Which fields are curated for bulk RNASeq data Data?

Polly's NLP-based curation models are used to curate all datasets and their corresponding samples, which are then harmonised using specific biomedical ontologies. These fields include - Organism, Disease, Tissue, Cell Line, Cell Type and Drug. In addition to these fields, various other metadata fields are captured from the source publication and annotated at 3 levels:

  • Dataset-level metadata - General information about the experiment, subject and transformations, for eg, organism, experiment type, and disease under study.
  • Sample-level metadata - Captures information for each sample. Eg.
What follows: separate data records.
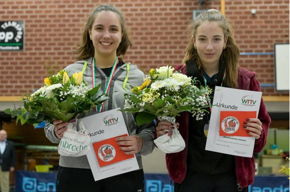 Bei den Westdeutschen Einzelmeisterschaften in Waltrop standen zweimal die Mittelrheiner ganz oben auf dem Treppchen: Im Herren-Einzel setzte sich Dennis Klein (TTC indeland Jülich) in einem hochklassigen Finale gegen den Titelverteidiger Erik Bottroff (Borussia Dortmund) mit 4:2 (14,-10, 8, 8, -9, 6) durch. Gianluca Walther (1. FC Köln) wurde Dritter und zusammen mit Robin Malessa Vizemeister im Doppel – hier holten sich zudem die beiden Kölner Björn Helbing und Philipp Gärtner die Bronzemedaille. Besonders erfreulich, da nicht erwartet, ist der Titelgewinn von Charlotte und Hannah Schönau (TTC GW Fritzdorf/TTF Kreuzau), die im Finale über Yuki Tsutsui/Verena Duhr (TuS Bad Driburg/SC Bayer 05 Uerdingen) mit 3:1 (8, 10, -2, 8) die Oberhand behielten.
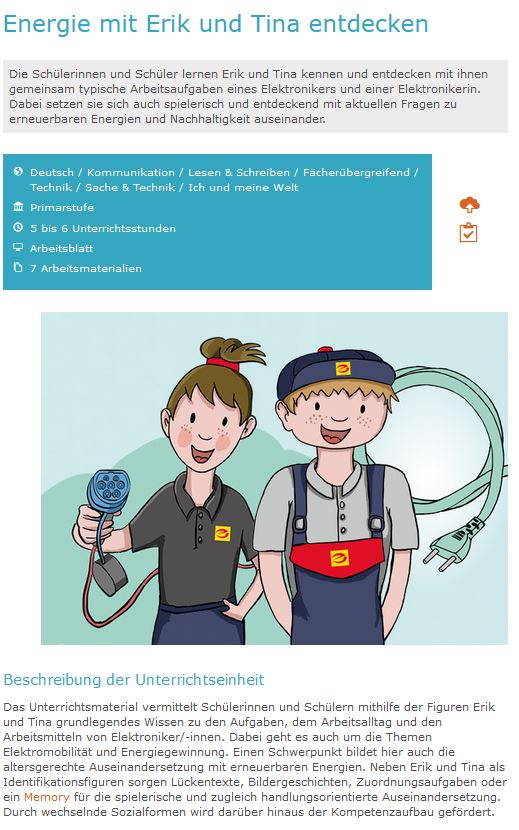 Die Schülerinnen und Schüler lernen Erik und Tina kennen und entdecken mit ihnen gemeinsam typische Arbeitsaufgaben eines Elektronikers und einer Elektronikerin. Dabei setzen sie sich auch spielerisch und entdeckend mit aktuellen Fragen zu erneuerbaren Energien und Nachhaltigkeit auseinander. Die Unterrichtseinheit, welche auf Lehrer-Online verfügbar ist, eignet sich besonders für den Einsatz in der Grundschule, insbesondere im Sachkundeunterricht der Klassenstufen 3 und 4.
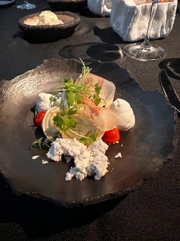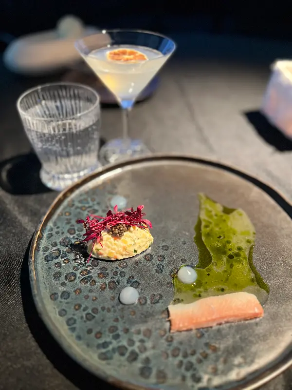 언센서드의 가장 큰 매력은 단순한 식사를 넘어, 오감을 자극하는 특별한 경험을 선사한다는 점입니다. 테이스팅 메뉴는 헝가리, 러시아, 스페인, 중국, 미국, 일본, 브라질 등 세계 각국의 요리를 맛볼 수 있는 미식 여행과 같습니다. 한 접시, 한 접시 나올 때마다 눈과 입이 즐거웠습니다. 헝가리의 수제 파스타는 망갈리카 베이컨과 파프리카의 풍미가 어우러져 깊은 인상을 남겼고, 러시아의 연어는 비트와 고추냉이의 조화가 신선했습니다.
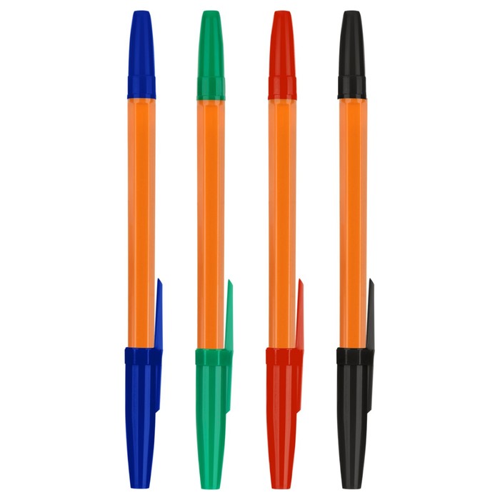 Набор шариковых ручек Стамм "Оптима" 4 штуки, 4 цвета, узел 1,0 мм, оранжевый корпус, европодвес — Характеристики

Drug, tissue
  • Feature-level metadata: Provides molecular/gene information that is consistent across samples.

How frequently is the Bulk RNASeq Atlas updated?

New datasets will be added to the source Bulk RNASeq OA at a frequency of once per week.

Can raw data be accessed for a sample on Polly?

Raw data can be accessed through the SRA links available in metadata tables on the OmixAtlas UI. Users can navigate to the column name - "relation" to access the link.

Are all metadata fields from the source retained?

All metadata fields from the source publication are captured in the GCT file and can be visualized through applications. However, only the fields described in the OmixAtlas schema are available for querying through the UI and Polly-python.

Can users request for datasets on Polly?

Bulk RNASeq datasets from GEO which are not available on Polly can be requested to be added to a user's OmixAtlas. Upon request, these datasets will be added directly to your atlas within 4 days. The following requests are in scope:

  1. Raw data files (fastq) are available on GEO
  2. The dataset belongs to the Bulk RNA-Seq data type.